HighlightGraph[g, PathGraph[Append[#, First[#]]]] & /@ rings[[1 ;; 5]]

Graphics @ GraphicsComplex[
  GraphEmbedding[g], 
  {EdgeForm[Black], {RandomColor[Hue[_]], Polygon[#]} & /@ rings}
]

Or we can ensure no 2 adjacent faces share the same color:

Block[{Print}, << IGraphM`]

imat = SparseArray[Join @@ MapIndexed[Thread[Thread[{First[#2], #1}] -> 1] &, rings]];
faceadj = Unitize[imat.Transpose[imat]];
faceconn = SimpleGraph@AdjacencyGraph[faceadj];

colors = IGMinimumVertexColoring[faceconn];

Graphics @ GraphicsComplex[
  GraphEmbedding[g], 
  {EdgeForm[Black], MapThread[{ColorData[112, #2], Polygon[#]} &, {rings, colors}]}
]

First, let us find all cycles in the graph. Then, we will filter out the ones that contain chords; this we can detect by checking if the $n$-vertex induced subgraph is isomorphic to a cycle of length $n$ or not.

Let us use your graph as an example:

g = Graph[{1 <-> 2, 1 <-> 3, 2 <-> 4, 4 <-> 5, 5 <-> 6, 4 <-> 6, 
   6 <-> 7, 3 <-> 5, 3 <-> 9, 5 <-> 8, 8 <-> 9}, 
  VertexLabels -> "Name"];

cy = VertexList[Graph[#]] & /@ FindCycle[g, Infinity, All];
Select[cy, IsomorphicGraphQ[CycleGraph[Length[#]], Subgraph[g, #]] &]
(* {{4, 5, 6}, {5, 8, 9, 3}, {1, 2, 4, 5, 3}} *)

HighlightGraph[g, %]

Of course, if you have additional constraints, you can simply modify the call to FindCycle with different parameters to only find cycles of length e.g. of size 5, 6, 7, or 8. To achieve this, just do FindCycle[g, {5, 8}, All] instead.

IGraph/M may help with this.

IGLADFindSubisomorphisms can look for induced subgraphs, and you are looking for induced cycles.

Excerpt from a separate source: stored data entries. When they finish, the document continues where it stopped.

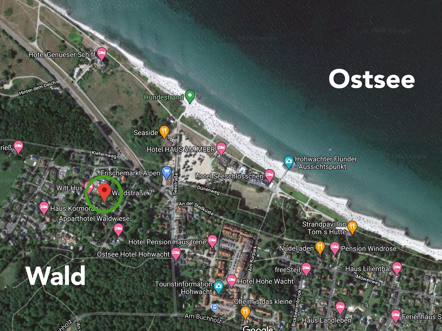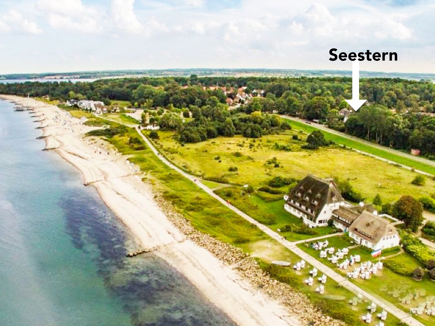 Das Strandhaus Seestern liegt in illustrer Nachbarschaft zwischen romantischen Reetdachhäusern und Villen in der „Bellevue“ von Hohwacht – der Waldstraße. Den Besucher erwartet am Eingang ein wunderschön angelegter Garten von fast 1000m2, welcher zum Strandhaus führt, das wohl behütet und auf angenehme Weise fernab von der Welt im hinteren Teil - eingebettet von Bäumen - liegt.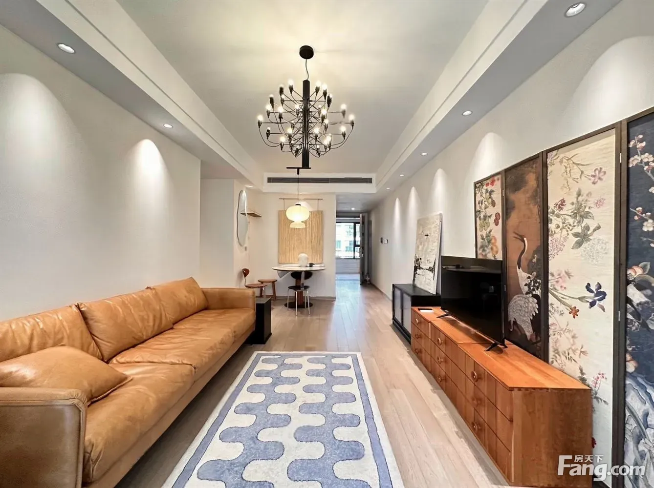 装修风格很好看离大门口进阳台是封好的,可以电动遥控哒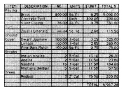 After the spreadsheet is developed, the designer might first draw in the number of brick paving panels needed. The panels would each be assigned to a class called ‘brick paving, using a simple menu command. The spreadsheet (see example) is then opened and the label for the item is entered in the DESCRIPTION column. A formula, = Area(Class:’brick paving’), is then entered into the NO. column. Upon pressing the computer’s Enter key, the calculation of the number of square feet is made and the proper number appears in the cell. This same technique is used for all surface areas of ground cover and turf. The pool structure was entered here with a single cost for the unit. As new items are added, a Recalculation menu command keeps the spreadsheet up to date.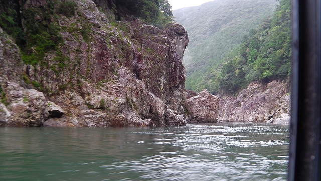 強い雨が降るなか駐車場内を走って11時30分発の瀞峡めぐりウオータージェット船に滑り込みセーフで乗り込む。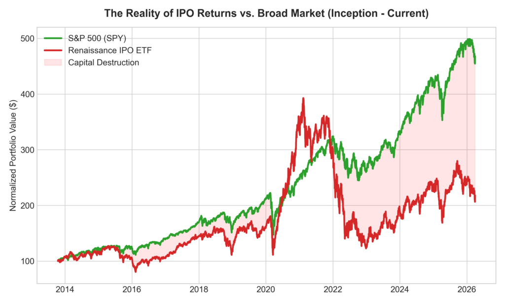 You don’t have to take my word for it, though, because we can actually see this pattern happening in real time: if you look at the Renaissance IPO ETF, which is basically a fund that just buys new public companies as soon as they’re available, and compare it to the S&P 500, you’ll notice that over the long haul—starting from when the IPO fund launched in 2013 right up to now—the IPO-focused strategy has lagged behind, no matter what market cycle we’re in.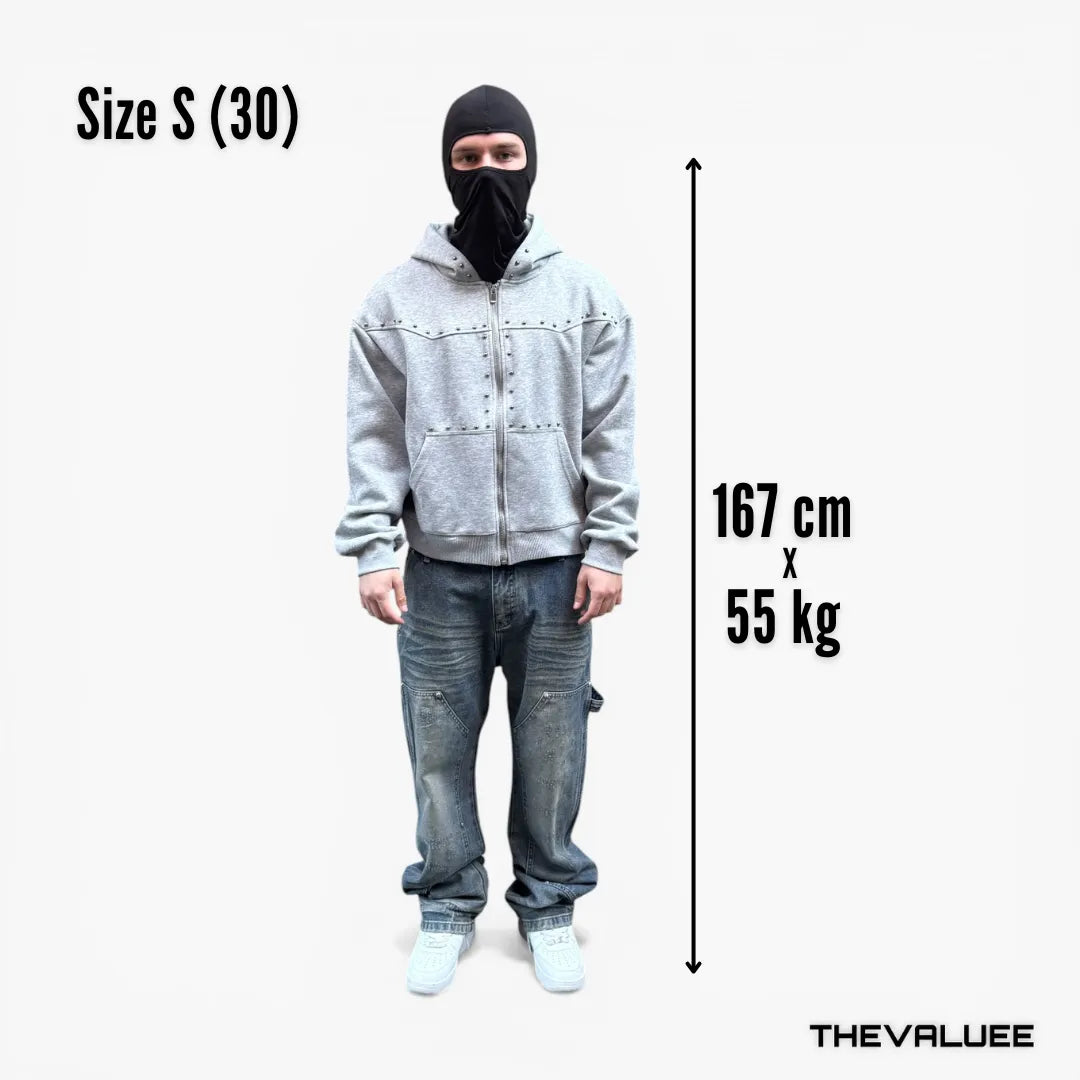 I nostri jeans sono realizzati in denim di cotone, caratterizzato da una texture robusta e resistente che garantisce la durata del capo nel tempo. Il tessuto mantiene la sua struttura autentica, offrendo un aspetto deciso e di qualità.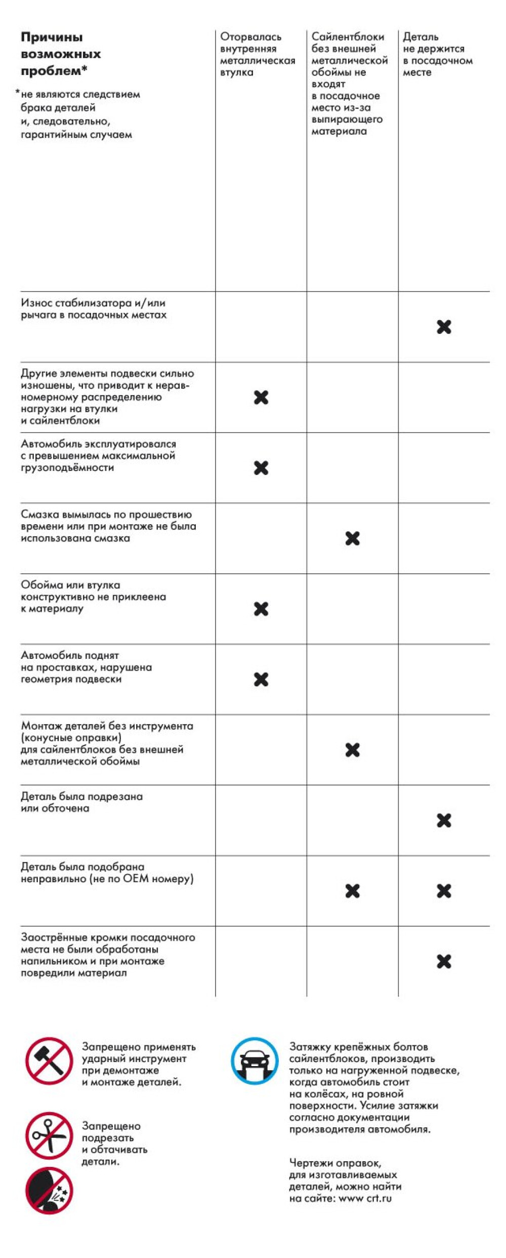 Внимание! Оригинальный сайлентблок имеет наружную металлическую обойму. Подберите оправку и подставку для демонтажа сайлентблока. Внешний диаметр оправки должен быть на 0,5 мм меньше внешнего диаметра наружной металлической обоймы, чтобы не повредить посадочное место. Внутренний диаметр подставки на 1-2 мм больше внешнего диаметра наружной металлической обоймы, чтобы не препятствовать выходу сайлентблока из посадочного места. Чертежи оправок, для изготавливаемых деталей, можно найти на сайте crt.ru.

We can construct a function like this:

Needs["IGraphM`"]
chordlessCycles[graph_?UndirectedGraphQ] := 
  Join @@ Table[
    DeleteDuplicatesBy[Sort]@Values@IGLADFindSubisomorphisms[CycleGraph[k], graph, "Induced" -> True], 
    {k, IGGirth[graph], VertexCount[graph]}
  ]

This function will look for cycles of all sizes starting with the girth up to the vertex count. For your graph, it returns

chordlessCycles[graph]
(* {{3, 4, 12, 13, 11}, {1, 6, 5, 4, 3, 2}, {3, 7, 8, 9, 10, 11}} *) 

Beware that in general there may be a very large number of induced cycles. Stealing Chip's graph generation code, here's an example:

SeedRandom[4];
vm = VoronoiMesh[RandomReal[{-1, 1}, {10, 2}], {{-1, 1}, {-1, 1}}];
g = PlanarGraph[MeshCells[vm, 1][[All, 1]], VertexSize -> Large]

cycle[vlist_] := PathGraph[Append[vlist, First[vlist]]]

HighlightGraph[g, cycle[#], GraphHighlightStyle -> "Thick", 
   ImageSize -> 60] & /@ chordlessCycles[g]